* Dataset records:

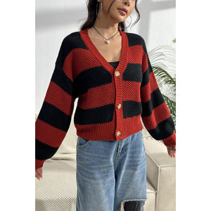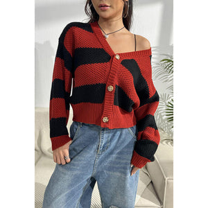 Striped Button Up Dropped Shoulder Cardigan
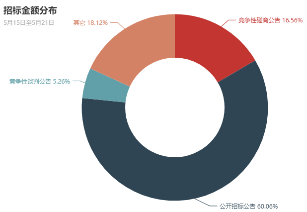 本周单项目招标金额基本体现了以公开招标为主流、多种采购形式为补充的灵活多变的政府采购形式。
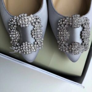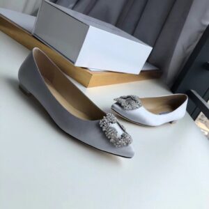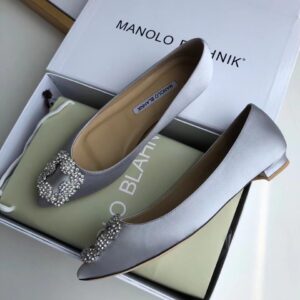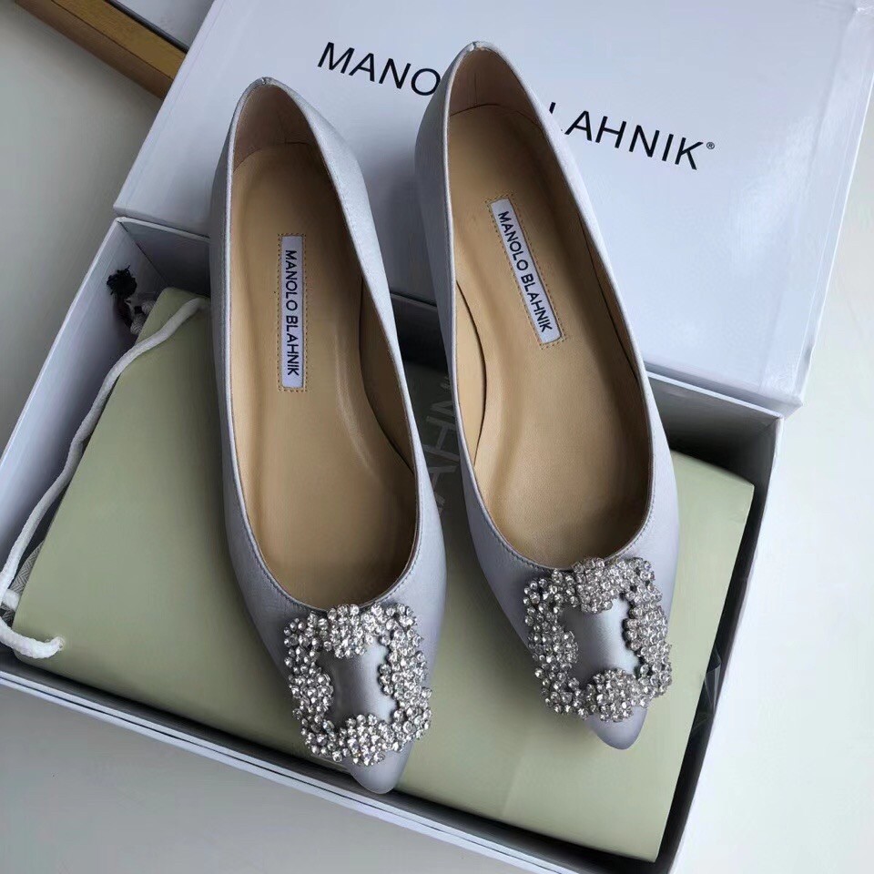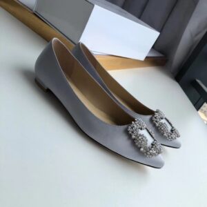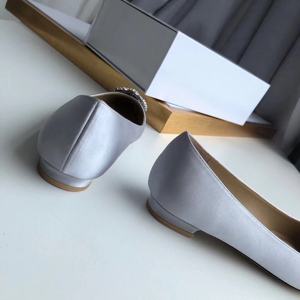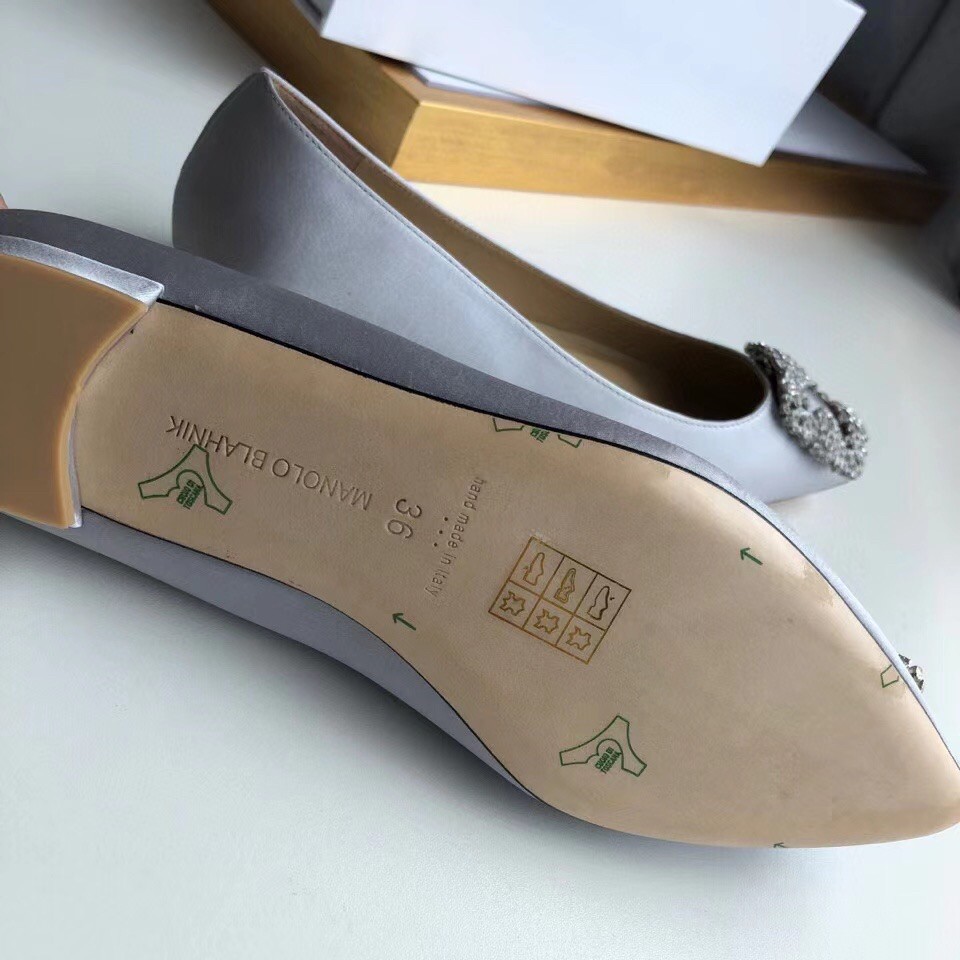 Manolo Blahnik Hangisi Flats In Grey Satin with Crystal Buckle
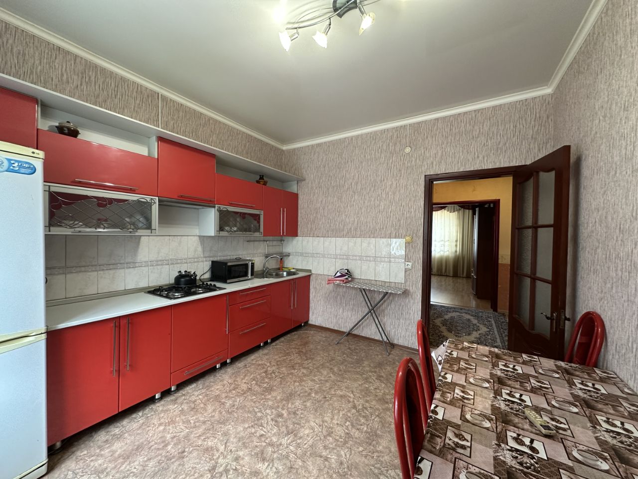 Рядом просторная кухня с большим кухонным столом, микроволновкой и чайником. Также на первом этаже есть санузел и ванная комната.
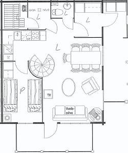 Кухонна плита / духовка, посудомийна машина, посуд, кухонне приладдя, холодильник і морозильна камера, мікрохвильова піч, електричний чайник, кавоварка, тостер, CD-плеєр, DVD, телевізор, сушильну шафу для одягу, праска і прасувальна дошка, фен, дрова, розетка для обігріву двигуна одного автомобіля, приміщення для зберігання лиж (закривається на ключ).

* Instructions to follow:
Output only the lines running from the top of the data above to the line with "Рядом просторная кухня", inclusive, word for word and without pictures.

* Exercise answer:
 Striped Button Up Dropped Shoulder Cardigan
 本周单项目招标金额基本体现了以公开招标为主流、多种采购形式为补充的灵活多变的政府采购形式。
 Manolo Blahnik Hangisi Flats In Grey Satin with Crystal Buckle
 Рядом просторная кухня с большим кухонным столом, микроволновкой и чайником. Также на первом этаже есть санузел и ванная комната.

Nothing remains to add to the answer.